_Your assignment_.
Search the listing for the word "maintaining" and return each line that contains it.

_Extracted information_.
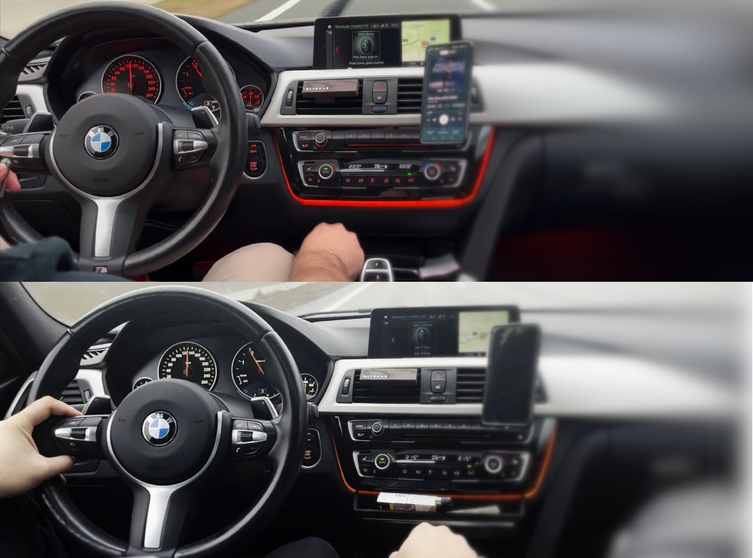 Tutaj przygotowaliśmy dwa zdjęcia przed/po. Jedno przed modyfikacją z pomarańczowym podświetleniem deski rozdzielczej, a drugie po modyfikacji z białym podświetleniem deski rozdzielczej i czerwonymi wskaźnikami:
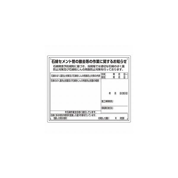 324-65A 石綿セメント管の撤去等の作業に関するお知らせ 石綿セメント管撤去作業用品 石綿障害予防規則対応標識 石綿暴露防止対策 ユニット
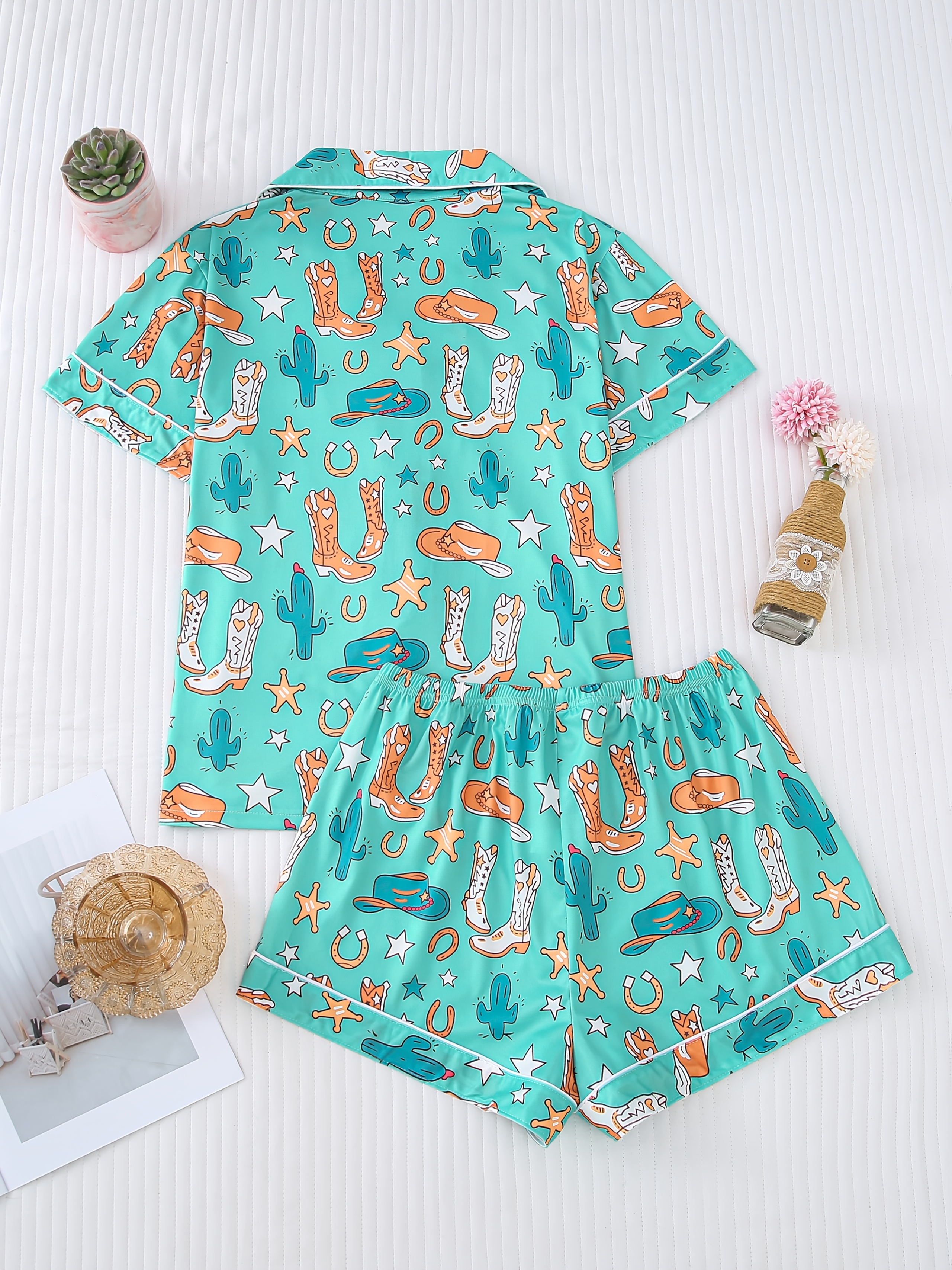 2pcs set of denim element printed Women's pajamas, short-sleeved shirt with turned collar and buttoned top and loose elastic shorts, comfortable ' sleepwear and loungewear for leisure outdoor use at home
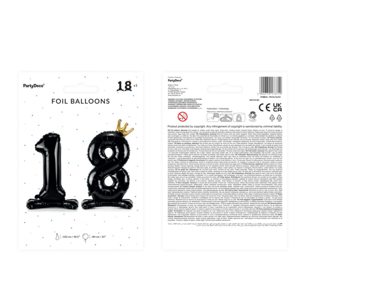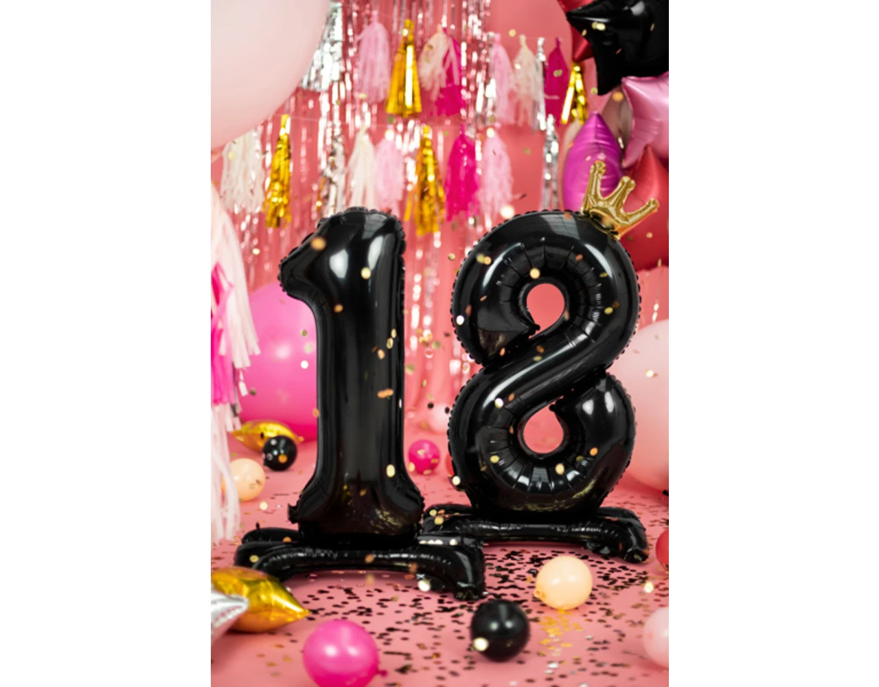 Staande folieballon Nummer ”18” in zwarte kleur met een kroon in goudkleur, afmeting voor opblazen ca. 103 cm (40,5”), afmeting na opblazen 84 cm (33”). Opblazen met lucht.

--

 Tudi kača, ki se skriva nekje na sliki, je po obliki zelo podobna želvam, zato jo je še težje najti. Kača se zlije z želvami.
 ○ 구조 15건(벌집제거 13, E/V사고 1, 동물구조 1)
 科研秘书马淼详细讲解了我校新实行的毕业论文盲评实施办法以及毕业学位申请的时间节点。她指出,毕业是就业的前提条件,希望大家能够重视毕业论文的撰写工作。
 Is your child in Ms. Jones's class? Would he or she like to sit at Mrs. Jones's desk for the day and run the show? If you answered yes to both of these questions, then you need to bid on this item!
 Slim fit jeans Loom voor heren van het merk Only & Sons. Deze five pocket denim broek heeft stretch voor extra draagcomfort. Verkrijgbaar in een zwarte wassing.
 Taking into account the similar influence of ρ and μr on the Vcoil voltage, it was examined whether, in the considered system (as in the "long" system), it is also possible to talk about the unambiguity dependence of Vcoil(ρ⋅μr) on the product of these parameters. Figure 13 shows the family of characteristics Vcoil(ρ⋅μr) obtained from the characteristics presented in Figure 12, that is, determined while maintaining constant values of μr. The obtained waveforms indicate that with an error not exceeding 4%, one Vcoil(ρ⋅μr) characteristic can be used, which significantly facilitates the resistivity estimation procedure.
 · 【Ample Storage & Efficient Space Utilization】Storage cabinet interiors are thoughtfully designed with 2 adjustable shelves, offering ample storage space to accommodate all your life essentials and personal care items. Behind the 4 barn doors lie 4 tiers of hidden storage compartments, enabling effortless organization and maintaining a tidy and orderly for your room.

_Exercise response_.
 Taking into account the similar influence of ρ and μr on the Vcoil voltage, it was examined whether, in the considered system (as in the "long" system), it is also possible to talk about the unambiguity dependence of Vcoil(ρ⋅μr) on the product of these parameters. Figure 13 shows the family of characteristics Vcoil(ρ⋅μr) obtained from the characteristics presented in Figure 12, that is, determined while maintaining constant values of μr. The obtained waveforms indicate that with an error not exceeding 4%, one Vcoil(ρ⋅μr) characteristic can be used, which significantly facilitates the resistivity estimation procedure.
 · 【Ample Storage & Efficient Space Utilization】Storage cabinet interiors are thoughtfully designed with 2 adjustable shelves, offering ample storage space to accommodate all your life essentials and personal care items. Behind the 4 barn doors lie 4 tiers of hidden storage compartments, enabling effortless organization and maintaining a tidy and orderly for your room.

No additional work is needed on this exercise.